EXERCISE: Look below for the line holding "Women Casual Solid" and the line holding "Cerrada las votación". Repeat those two and everything between, exactly.

SUPPLIED INFORMATION:
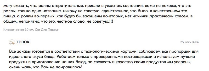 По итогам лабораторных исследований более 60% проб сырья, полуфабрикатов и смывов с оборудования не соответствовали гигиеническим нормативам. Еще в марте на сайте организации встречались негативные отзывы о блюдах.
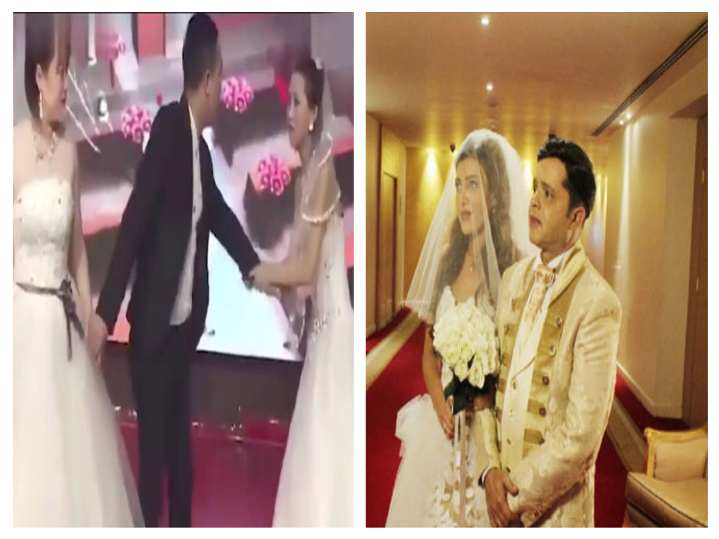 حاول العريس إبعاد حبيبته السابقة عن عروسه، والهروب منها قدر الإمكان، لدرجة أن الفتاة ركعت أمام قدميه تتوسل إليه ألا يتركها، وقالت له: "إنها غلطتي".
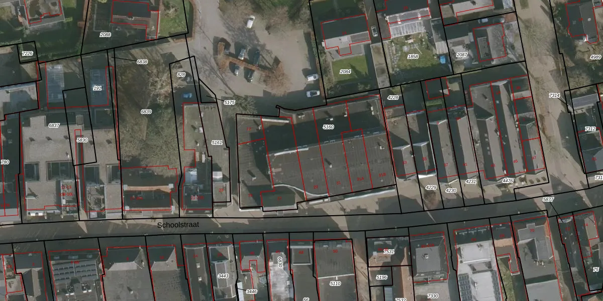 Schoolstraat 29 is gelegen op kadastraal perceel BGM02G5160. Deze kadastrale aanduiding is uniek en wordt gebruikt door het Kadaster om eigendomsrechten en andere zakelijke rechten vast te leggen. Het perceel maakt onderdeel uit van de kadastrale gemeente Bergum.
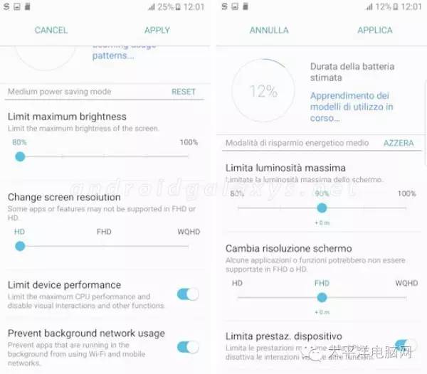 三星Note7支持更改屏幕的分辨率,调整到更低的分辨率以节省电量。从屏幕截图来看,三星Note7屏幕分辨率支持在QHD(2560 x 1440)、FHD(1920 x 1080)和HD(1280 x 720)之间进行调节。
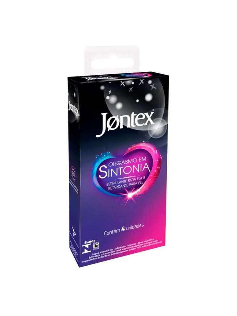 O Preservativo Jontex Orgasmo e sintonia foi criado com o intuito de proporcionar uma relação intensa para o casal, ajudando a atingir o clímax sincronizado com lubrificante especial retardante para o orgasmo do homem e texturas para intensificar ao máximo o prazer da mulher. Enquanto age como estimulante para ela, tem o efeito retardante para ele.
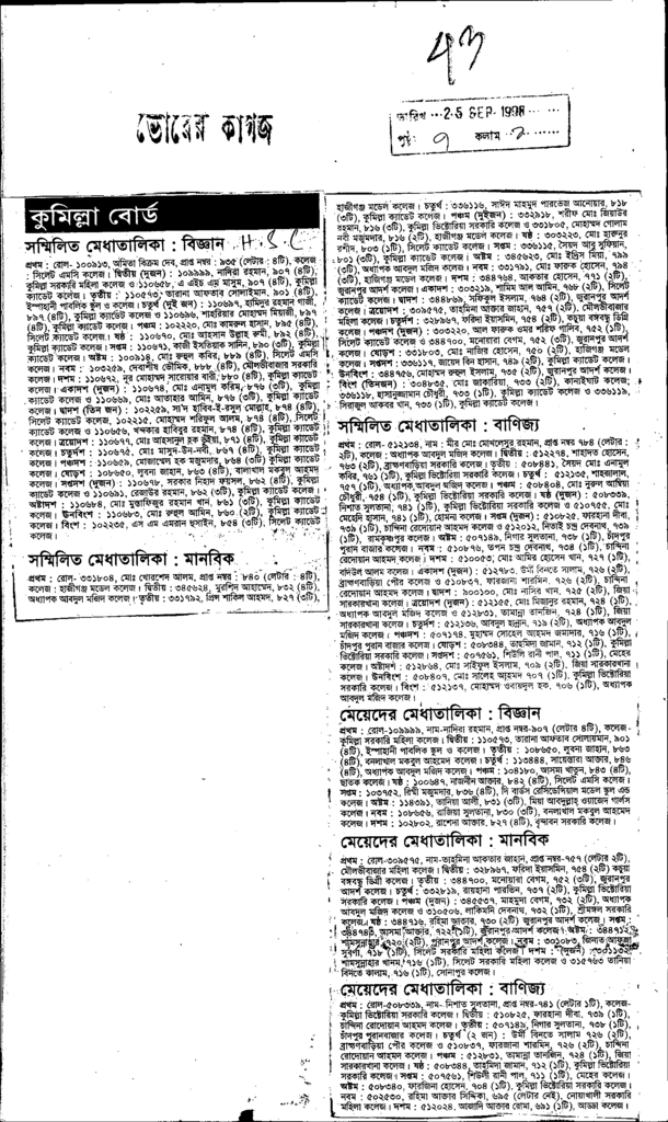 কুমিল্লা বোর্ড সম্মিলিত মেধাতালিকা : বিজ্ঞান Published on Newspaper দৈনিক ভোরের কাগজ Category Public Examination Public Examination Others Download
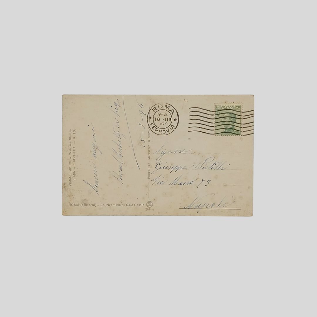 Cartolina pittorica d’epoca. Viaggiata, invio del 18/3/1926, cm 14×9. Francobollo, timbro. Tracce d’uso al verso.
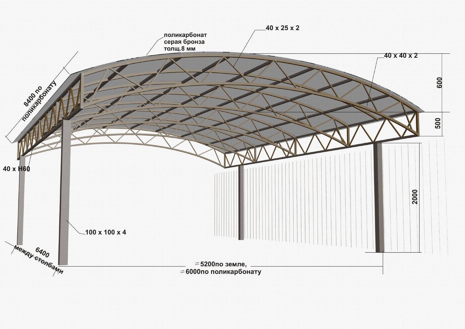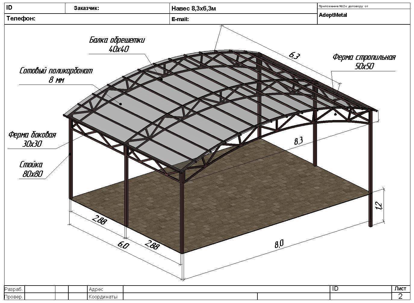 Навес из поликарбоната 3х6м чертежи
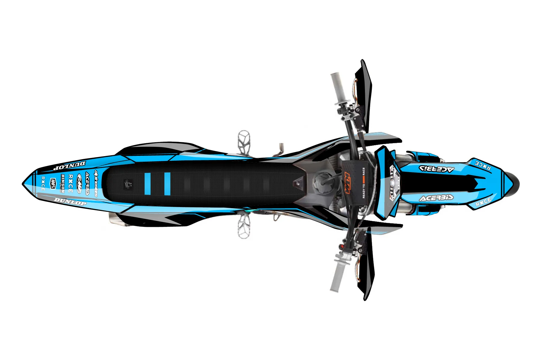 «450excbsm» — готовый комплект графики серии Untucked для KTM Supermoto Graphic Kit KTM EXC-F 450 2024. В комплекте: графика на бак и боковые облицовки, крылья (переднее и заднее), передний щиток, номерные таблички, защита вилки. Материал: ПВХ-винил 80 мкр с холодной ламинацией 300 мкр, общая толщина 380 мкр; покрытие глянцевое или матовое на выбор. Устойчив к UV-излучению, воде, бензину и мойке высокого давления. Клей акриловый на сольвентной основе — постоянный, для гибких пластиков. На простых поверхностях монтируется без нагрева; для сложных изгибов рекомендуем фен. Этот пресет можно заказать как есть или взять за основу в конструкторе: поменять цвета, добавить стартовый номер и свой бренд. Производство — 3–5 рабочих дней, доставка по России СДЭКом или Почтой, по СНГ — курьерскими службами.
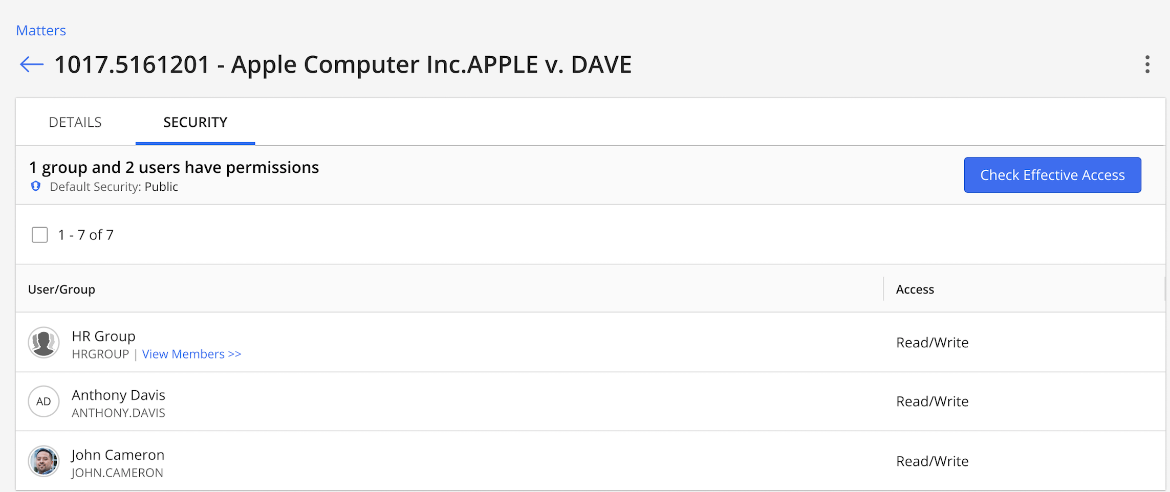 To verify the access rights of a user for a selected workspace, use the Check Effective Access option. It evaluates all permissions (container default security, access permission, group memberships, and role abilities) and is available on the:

* * *

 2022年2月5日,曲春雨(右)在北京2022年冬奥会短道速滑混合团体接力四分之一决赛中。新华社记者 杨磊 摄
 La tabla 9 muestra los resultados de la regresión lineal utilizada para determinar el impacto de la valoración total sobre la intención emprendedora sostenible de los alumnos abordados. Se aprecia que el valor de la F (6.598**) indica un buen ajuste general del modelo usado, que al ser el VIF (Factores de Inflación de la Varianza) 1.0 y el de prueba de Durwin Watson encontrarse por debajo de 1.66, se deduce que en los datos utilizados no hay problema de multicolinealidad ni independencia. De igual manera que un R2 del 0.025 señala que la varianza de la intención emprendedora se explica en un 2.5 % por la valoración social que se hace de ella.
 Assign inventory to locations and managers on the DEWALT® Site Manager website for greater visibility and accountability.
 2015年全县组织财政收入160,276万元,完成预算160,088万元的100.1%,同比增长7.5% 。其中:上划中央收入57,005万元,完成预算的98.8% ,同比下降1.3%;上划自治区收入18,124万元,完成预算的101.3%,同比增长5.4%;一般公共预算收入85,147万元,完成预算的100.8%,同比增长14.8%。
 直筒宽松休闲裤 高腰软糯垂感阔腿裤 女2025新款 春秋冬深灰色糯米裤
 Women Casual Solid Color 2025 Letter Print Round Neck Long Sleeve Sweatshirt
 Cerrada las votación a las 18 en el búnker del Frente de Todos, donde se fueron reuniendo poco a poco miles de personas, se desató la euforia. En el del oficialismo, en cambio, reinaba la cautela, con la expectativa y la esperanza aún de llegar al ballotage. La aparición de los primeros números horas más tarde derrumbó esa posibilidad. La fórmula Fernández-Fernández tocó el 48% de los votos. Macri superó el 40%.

* * *

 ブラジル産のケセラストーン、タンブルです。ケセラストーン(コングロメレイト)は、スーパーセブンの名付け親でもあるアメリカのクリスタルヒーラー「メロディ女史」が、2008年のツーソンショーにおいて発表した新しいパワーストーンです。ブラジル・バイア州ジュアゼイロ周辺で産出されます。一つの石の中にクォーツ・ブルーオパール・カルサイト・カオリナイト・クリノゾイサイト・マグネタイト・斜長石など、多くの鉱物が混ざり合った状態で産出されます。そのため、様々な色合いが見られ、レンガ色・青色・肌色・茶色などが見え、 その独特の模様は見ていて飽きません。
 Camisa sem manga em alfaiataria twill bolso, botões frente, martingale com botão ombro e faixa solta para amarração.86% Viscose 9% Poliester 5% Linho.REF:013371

EXERCISE RESPONSE:
 Women Casual Solid Color 2025 Letter Print Round Neck Long Sleeve Sweatshirt
 Cerrada las votación a las 18 en el búnker del Frente de Todos, donde se fueron reuniendo poco a poco miles de personas, se desató la euforia. En el del oficialismo, en cambio, reinaba la cautela, con la expectativa y la esperanza aún de llegar al ballotage. La aparición de los primeros números horas más tarde derrumbó esa posibilidad. La fórmula Fernández-Fernández tocó el 48% de los votos. Macri superó el 40%.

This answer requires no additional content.